SA Govt Requests to Add Online GBV in Domestic Violence Act

Cape Town-based digital policy and regulation think tank Research ICT Africa is calling on government to consider online GBV violence against women in the Domestic Violence Amendment Bill.

SA govt requests to add online GBV in domestic violence act

The group – consisting of members from Research ICT Africa, the Association for Progressive Communications, ALT Advisory and feminist group Feministing While African – will today be making a public submission to Parliament’s Portfolio Committee on Justice and Correctional Services in response to the Domestic Violence Amendment Bill.

The group says it will argue that while the Internet and other ICTs introduce a number of opportunities for South Africans, the proliferation of online harms, or harms facilitated, abetted, or aggravated by the Internet, social media (eg, Facebook, Snapchat, Twitter or TikTok) and the use of other ICTs, is a challenge that has grown increasingly prevalent over the last two decades.

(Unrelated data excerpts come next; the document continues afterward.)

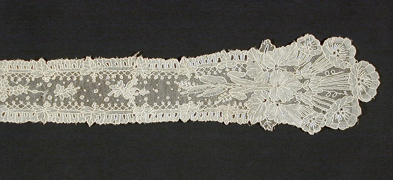 Horizontal strip of cream-colored lace with a mesh ground, scattered floral motifs, and a flared scalloped terminal at the right end, displayed on black
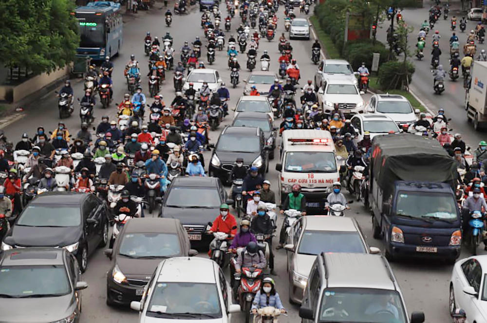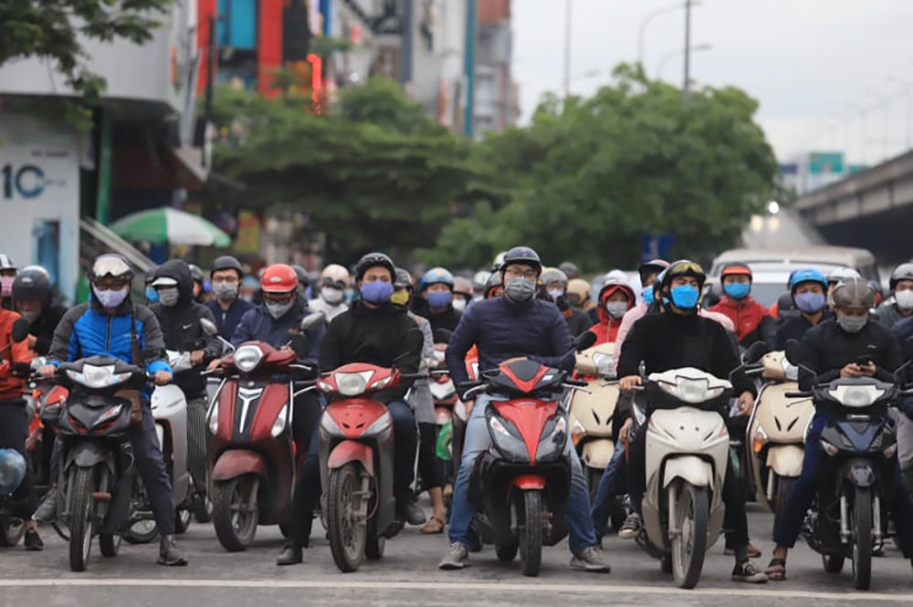 Người và phương tiện qua lại đông đúc trong ngày đầu nới lỏng giãn cách xã hội.
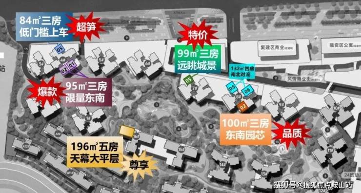 约99㎡3+1房,三开间南向采光,多个房间都预留了飘窗空间,阳台升级到6米等,整体居住体验更好,且380万左右就可上车,适合预算有限的刚需买家
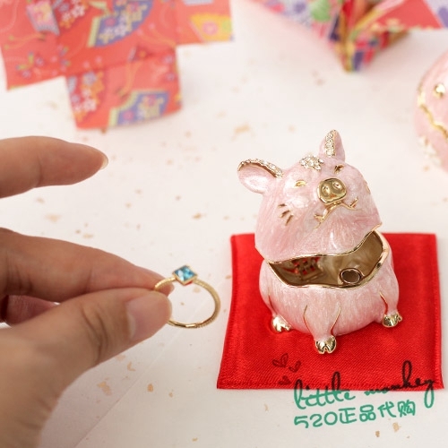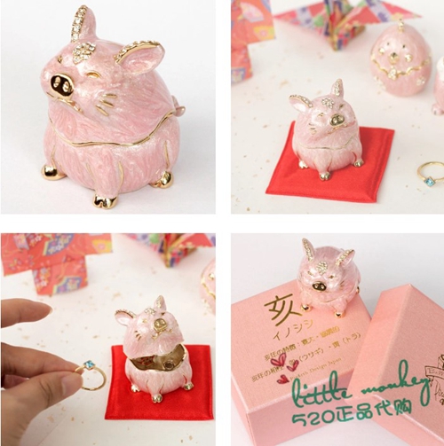 日本代购 小猪 精致可爱十二生肖公仔首饰小物收纳盒摆件
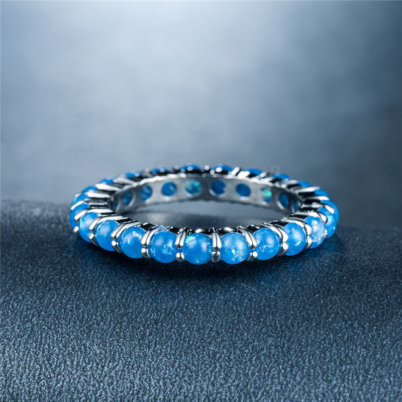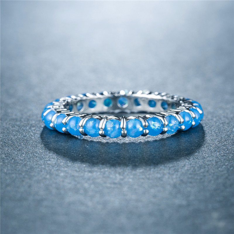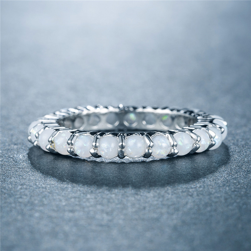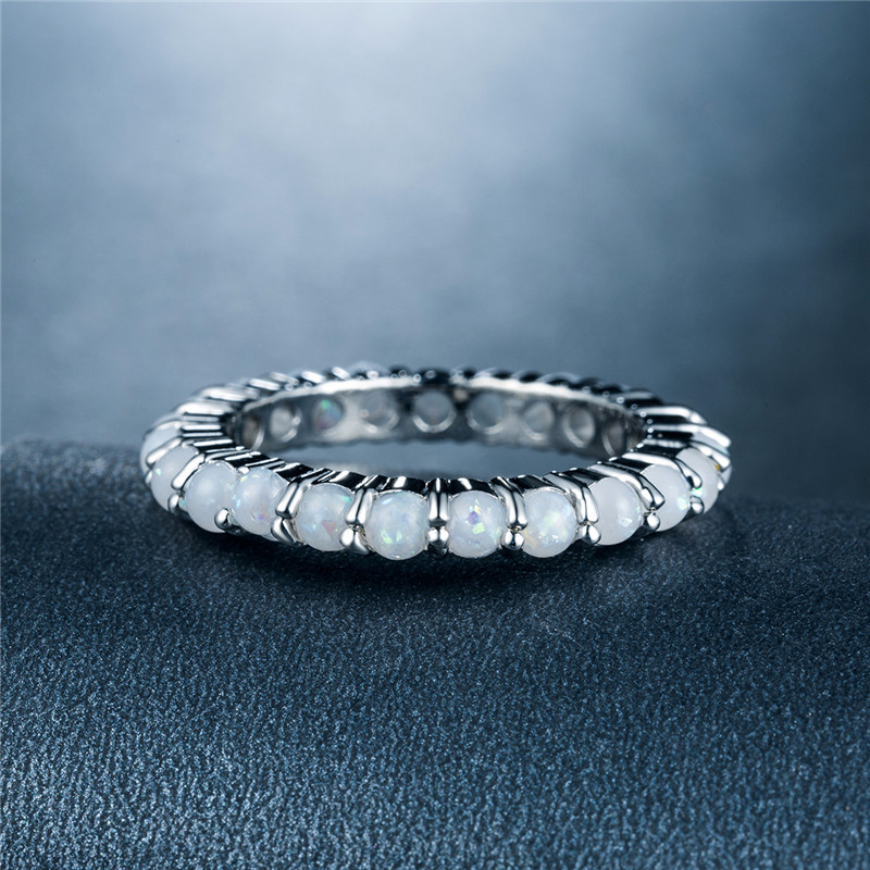New European and American women's imitation opal ring copper plated white gold full inlaid artificial opal

The groups are urging policymakers to strike a careful balance between protection and empowerment, also as far as dealing with domestic violence aided, abetted or aggravated by ICTs is concerned.

Focusing on the prevalence of emerging technologies and the potential for harm, violence and abuse in the digital environment − for example, the non-consensual distribution of intimate images by intimate partners − the group says it will urge Parliament to ensure the Bill reflects these emerging and developing challenges to enable victims and survivors of domestic violence, both on- and offline, to benefit from the maximum protection the law can provide.

“The image of the perpetrator of online harms has changed over time,” says Mutondi Mulaudzi, gender and law researcher and PhD candidate based at the University of South Africa and the University of the Witwatersrand.

“It isn’t the person who sits in some basement with multiple computer screens and advanced [tech] capabilities. We no longer exist in contexts that require an individual to be a tech savant in order to cause harm to victims and survivors of gender-based violence. All a person needs is a basic smartphone. Because of this, the Domestic Violence Act has to respond to this new reality in order for it to be effective.”

“For anyone still in doubt, the COVID-19 pandemic has confirmed the growing importance of ICTs like the Internet for our everyday lives – crucial to everything from continuing schooling, working, or even checking symptoms online,” says Anri van der Spuy, PhD fellow at Research ICT Africa.

“While only about half of South Africans are online today, it is important that policymakers (and private sector actors like social media companies) take appropriate steps to ensure those people who are online, along with those who are yet to come online in the months and years to come, are able to benefit from the risky opportunities of the Internet and other technologies.”

The oral submission the group will make follows a written submission made earlier this month. These submissions encompass three key issues, namely: ensuring the Bill adopts a nuanced and evolving understanding of online domestic violence and domestic violence aided, facilitated or abetted by ICTs; reporting responsibilities in relation to directions; and the need for data protection requirements in respect of the integrated electronic repository for domestic violence protection orders.

Samantha Malunga, research associate at the AIDS and Society Research Unit, UCT, and member of Feministing While African, points out: “More and more minors are accessing online spaces unsupervised due to the move to have classes online during lockdown.

“With many households in SA sharing only one Internet-accessible device – usually a smartphone – it is imperative that online spaces become safer for all who use them so that children and young people are not exposed to gender-based violence online in the form of unsolicited sexual images, messages or advances. With many parents and caregivers having fewer digital skills, it is difficult to supervise the online spaces their children access and keep them safe and this is one place where the Bill can step in and help.”

Other recommendations made in the group’s submission include the need tosupport more research efforts to provide a proper understanding, not only of the factors that may make some South Africans in particular more vulnerable to harm from online risks, but also the supporting environments available or unavailable to help them deal with such potential exposure to online risk.

It also recommends providing disaggregated gender and domestic violence data to include the use of ICTs in the perpetuation of violence and to gather the input of various stakeholders – including through consultations with relevant communities, like feminist and civil society organisations and communities – before developing this Bill further.

“The same digital technology relied on to document and report gender-based domestic violence may be used to perpetrate it. The guarantees for safety offline must be extended to digital technologies to guard against online gender-based violence and ensure they can be used as part of the solution to document and report gender-based violence,” says Chenai Chair, tech and gender policy researcher and co-ordinator of Feministing While African.